Her eyes opened and focused on me for the first time. My hunch was confirmed.
“Look at these photographs, Zoya.”
“No, no. You tell me what you know about the voices. How did you find that out?”
“We have a witness.”
“Then you don’t need me,” she said. “Tell me who the witness is.”
“Look at the pictures,” I said, grabbing the photos that showed Corinne Thatcher’s throat, sliced open from one side of her neck to the other. “Look at what Nik did to her.”
“I don’t want to look.”
I slammed my hand on the table, next to her ear. She sat upright. I wrapped one of my arms around her shoulder and held her in place, sticking the image directly in front of her.
Zoya Blunt gasped.
“We’re out of time,” I said, softening my voice. “What happened to the boy who loved to come to this terminal with his father, Zoya? How do we find him before he does this to someone else?”
She shook her head from side to side. “Nik could be anywhere. He doesn’t have a home.”
“Everything he’s been up to has been connected to Grand Central.” I didn’t need to point out that the bodies were piling up closer and closer to the main concourse to make my point. “If you tell me what you know about him, maybe that will help.”
She was silent.
“You say you want your family back,” I said. “What happened to everyone?”

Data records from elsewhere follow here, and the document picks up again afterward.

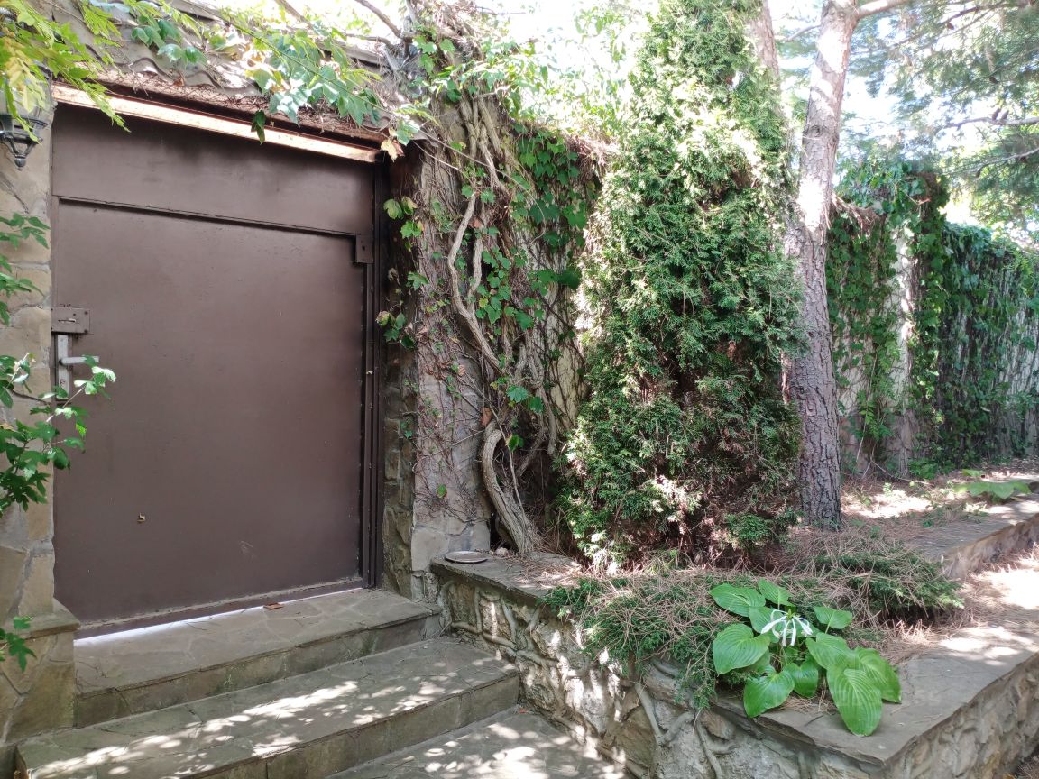 Добротные металлические входные двери, такие же ставни на окнах.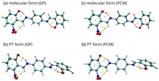 Although the PCM solvent environment affects the polarization of the O-H and N-H bonds, the involvement of the atoms in the intramolecular hydrogen bonding and quasi-ring systems brings larger stability to the electron density distribution and values of the partial atomic charges [,]. Consequently, the results for the PCM using water as the solvent are analogous to those obtained in the gas phase. This fact of similar electron density distribution in both phases is in agreement with our earlier remarks on the energetic parameters. The PCM results confirmed our expectations, based on previous experience [,], that the introduction of solvent did not change the molecular covalent skeleton topology.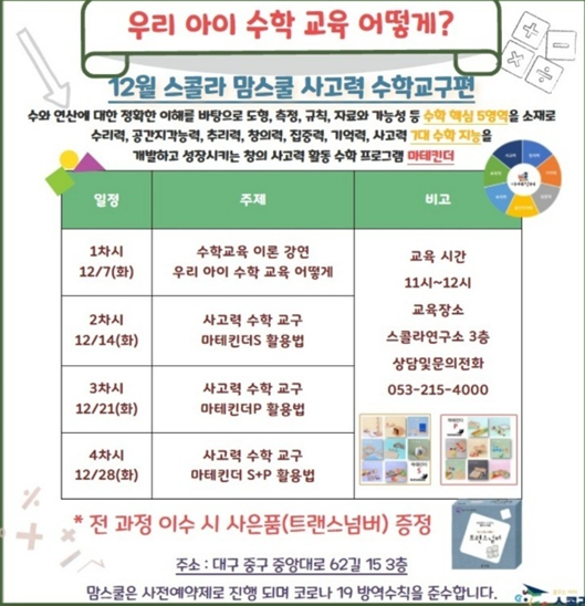 12월 스콜라 맘스쿨 사고력 수학교구 소개 페이지 정보 작성자 최고관리자 작성일 21-11-26 18:41 조회 914회 댓글 0건 본문 12월 스콜라 맘스쿨 사고력 수학교구 소개 페이스북 공유 트위터 공유 구글+ 공유 이전글스콜라 달서센터가 신규 오픈되었습니다 !!! 다음글몬테소리 센터 수업 안내 목록 댓글목록 0 댓글목록 등록된 댓글이 없습니다.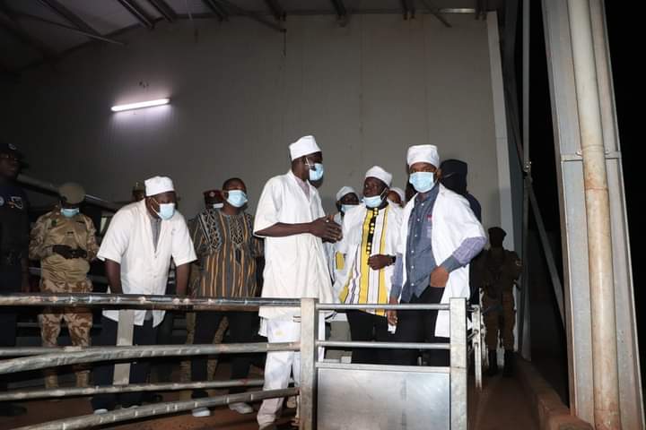 À en croire Dr Amadou DICKO, cette visite se veut une prospection en vue de la construction d’abattoirs modernes dans d’autres localités du pays. « 𝑫𝒂𝒏𝒔 𝒍𝒆 𝒄𝒂𝒅𝒓𝒆 𝒅𝒆 𝒍’𝑶𝒇𝒇𝒆𝒏𝒔𝒊𝒗𝒆 𝒂𝒈𝒓𝒐𝒑𝒂𝒔𝒕𝒐𝒓𝒂𝒍𝒆 𝒆𝒕 𝒉𝒂𝒍𝒊𝒆𝒖𝒕𝒊𝒒𝒖𝒆 2023-2025, 𝒖𝒏𝒆 𝒑𝒓𝒊𝒐𝒓𝒊𝒕é 𝒆𝒔𝒕 𝒂𝒄𝒄𝒐𝒓𝒅é𝒆 à 𝒍𝒂 𝒇𝒊𝒍𝒊è𝒓𝒆 𝒃é𝒕𝒂𝒊𝒍/𝒗𝒊𝒂𝒏𝒅𝒆. 𝑵𝒐𝒖𝒔 𝒆𝒏𝒗𝒊𝒔𝒂𝒈𝒆𝒐𝒏𝒔 𝒍𝒂 𝒄𝒐𝒏𝒔𝒕𝒓𝒖𝒄𝒕𝒊𝒐𝒏 𝒅’𝒂𝒃𝒂𝒕𝒕𝒐𝒊𝒓𝒔 𝒎𝒐𝒅𝒆𝒓𝒏𝒆𝒔, à 𝒍’𝒊𝒎𝒂𝒈𝒆 𝒅𝒆 𝒄𝒆𝒍𝒍𝒆-𝒄𝒊, 𝒂𝒇𝒊𝒏 𝒅𝒆 𝒎𝒆𝒕𝒕𝒓𝒆 à 𝒍𝒂 𝒅𝒊𝒔𝒑𝒐𝒔𝒊𝒕𝒊𝒐𝒏 𝒅𝒆𝒔 𝒄𝒐𝒏𝒔𝒐𝒎𝒎𝒂𝒕𝒆𝒖𝒓𝒔 𝒅𝒆 𝒍𝒂 𝒗𝒊𝒂𝒏𝒅𝒆 𝒓𝒆𝒎𝒑𝒍𝒊𝒔𝒔𝒂𝒏𝒕 𝒍𝒆𝒔 𝒄𝒐𝒏𝒅𝒊𝒕𝒊𝒐𝒏𝒔 𝒅’𝒉𝒚𝒈𝒊è𝒏𝒆 𝒆𝒕 𝒅𝒆 𝒓é𝒅𝒖𝒊𝒓𝒆 𝒍’𝒆𝒙𝒑𝒐𝒓𝒕𝒂𝒕𝒊𝒐𝒏 𝒅’𝒂𝒏𝒊𝒎𝒂𝒖𝒙 𝒔𝒖𝒓 𝒑𝒊𝒆𝒅𝒔 », a-t-il souligné.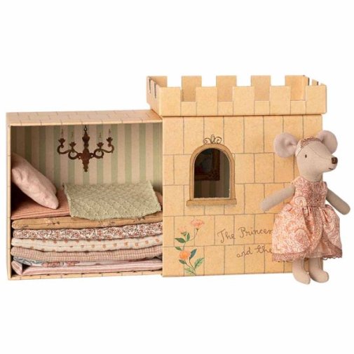 Once upon a time… Playset inspired by the famous fairy tale Princess on the pea. This set includes a paper castle with mattresses, a pea and a princess mouse.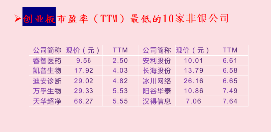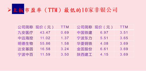 截至9月30日,以TTM为例,剔除亏损、ST股、银行股后主板、创业板、科创板三大板块市盈率(TTM)最低的10家公司是谁?老陈已经整理列表,供大家参考: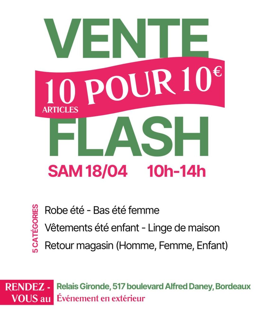 Tu cherches à renouveler ta garde-robe sans exploser ton budget ? Direction le quartier de Bacalan, à Bordeaux, où une vente flash promet d’attirer les chasseurs de bonnes affaires. Le samedi 18 avril 2026, le Relais Gironde organise une opération exceptionnelle : dix vêtements pour seulement dix euros. Une offre rare, qui mêle économies, écologie et solidarité.

“My father was an engineer, like his father before him. A hostler. You know what that is?”
“We just found out tonight.”
“We came here with him all the time, especially my brothers, but I loved it, too. More inside the terminal, and riding with my dad on the train. Not so much the tunnels and tracks.”
“I’m with you on that,” I said. “Tell me about your mother, Zoya.”
She exhaled and closed her eyes. “I’m named for her-Zoya. She-she had a lot of problems, too. Nik’s like her. A lot like her.”
“Was she from Russia?” Mike asked.
“What difference does that make?”
“Maybe none,” I said. “But one of the victims was an exchange student from Russia. Maybe there’s some-some cause that Nik believed in. That might have been the way they met each other.”
“No causes except himself. That’s always been Nik.”
“In what way is he like your mother?”
“I’m sure the men who worked with my dad will tell you anyway,” she said. “The mental illness. The voices. She heard them, too.”
I had handled cases with schizophrenics before, both as victims and as perps. I knew that in at least 10 percent of people with the condition, there is a first-degree relative-a parent, uncle, cousin-that the disease is most often inherited from.